Saturday, March 28, 2009

Height Initiative

[ "Schneider on Hot Seat - Height Initiative Wins Tactical Victory," by Nick Welsh, SB INDEPENDENT, March 26, 2009 ]


An obviously agonized Helene Schneider  —  Santa Barbara City councilmember and mayoral candidate  —  cast the key vote giving traditional slow-growthers active with Save El Pueblo Viejo a significant tactical victory in their battle to put an initiative limiting the maximum size of new buildings on the November election ballot...

... Save El Pueblo supporters denounced the alternative  —  drafted by councilmembers Das Williams and Grant House — as an effort to leave voters, in the words of signature gatherer Bill Marks, “hornswoggled, boondoggled, or conned.”

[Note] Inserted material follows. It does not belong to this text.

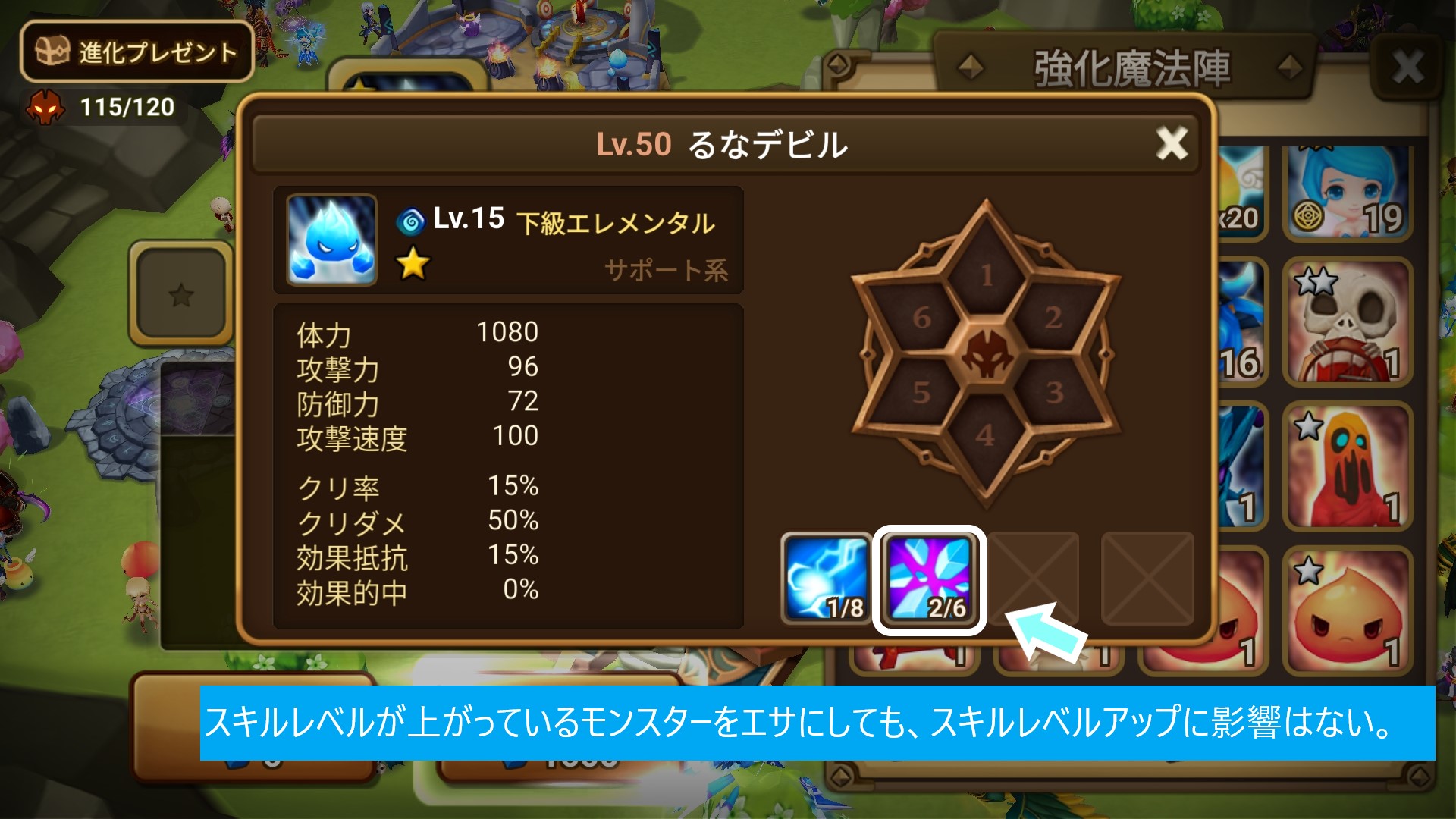 素材のスキルを上げとくと強化されたモンスターもスキル上がる?

... Schneider cast the tie-breaking vote to keep the alternative off the ballot, despite having initially criticized the initiative as “too simplistic” and having voted twice to authorize City Hall to pursue alternative language. After listening to the community and members of the city’s many boards and commissions, Schneider said she concluded that the alternative language was just not right. By voting against the alternative, however, Schneider found herself breaking with many close political friends and allies in the affordable housing and sustainability camp. Privately, she said the alternative process was fatally uncertain; the public would not vote on the precise enabling ordinance language until some indeterminate time after having voted in favor of the alternative itself. And that’s assuming that there would be five city councilmembers — the minimum legally required — willing to place it on the ballot.

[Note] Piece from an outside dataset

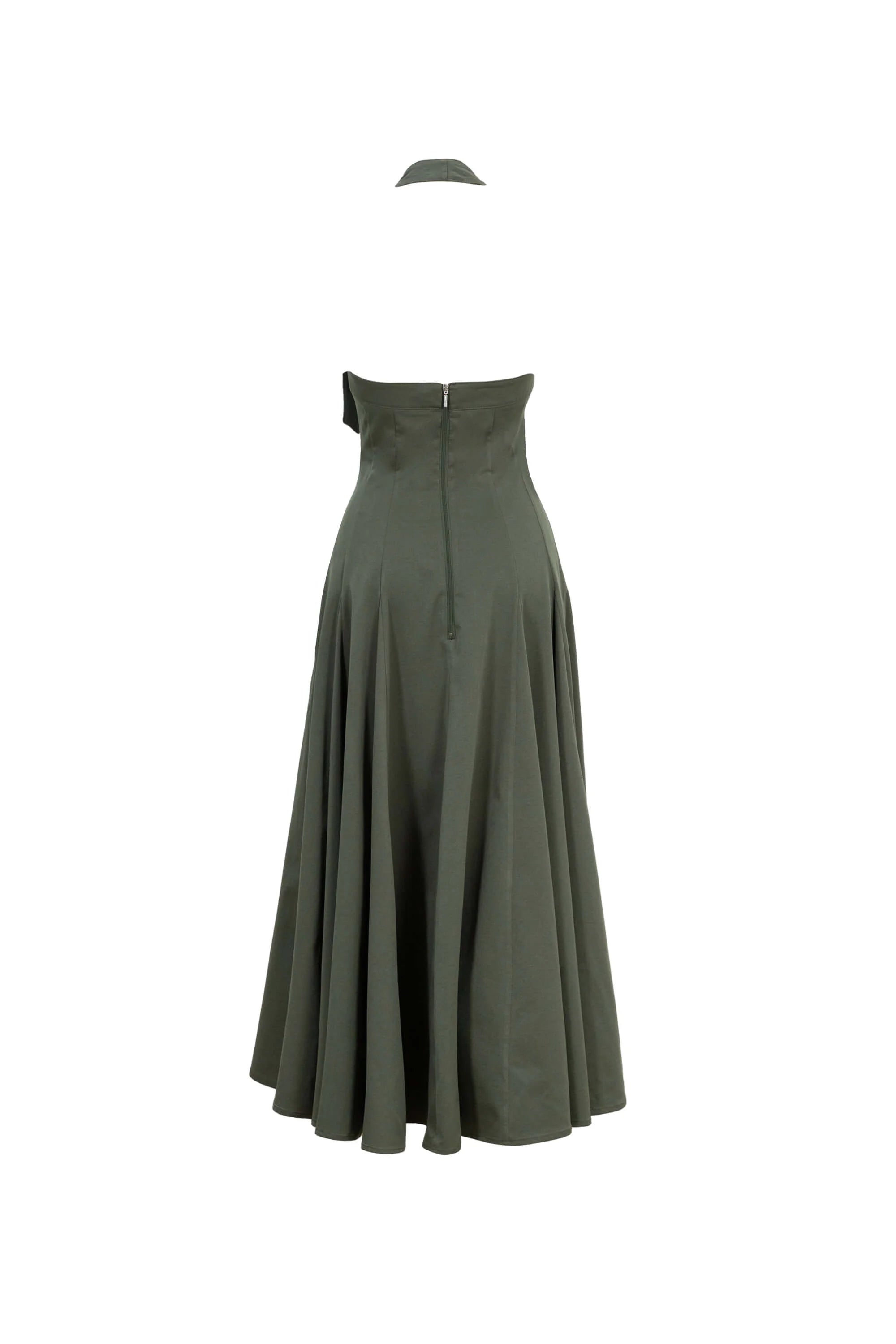 Vestido verde halter con diseño elegante y falda amplia. Una prenda sofisticada y versátil que combina estilo moderno con un aire clásico, ideal para ocasiones formales o semi-formales

None of this washed, however, with Mickey Flacks, an iconic affordable housing activist who until Tuesday was also a Schneider supporter. Flacks dismissed the vote as “politically calculated” and said she would no longer support Schneider in her mayoral run. (Flacks also said she would not support Councilmember Iya Falcone, whom Schnieder is now running against.) Despite past criticisms of the initiative, Schneider declined for the time being to state whether she would support it or oppose it come November...

Joining Falcone and Schneider to exclude the alternative was Mayor Marty Blum and Councilmember Dale Francisco. Joining Williams and House in supporting the alternative was Councilmember Roger Horton. Horton pointed out that the City Council never approved any of the projects on Chapala Street and that no civic groups now supporting the initiative appealed those projects to the council. He took offense that these developments had been approved by the city’s Planning Commission, and some of the most ardent supporters of the initiative were the very planning commissioners who approved them.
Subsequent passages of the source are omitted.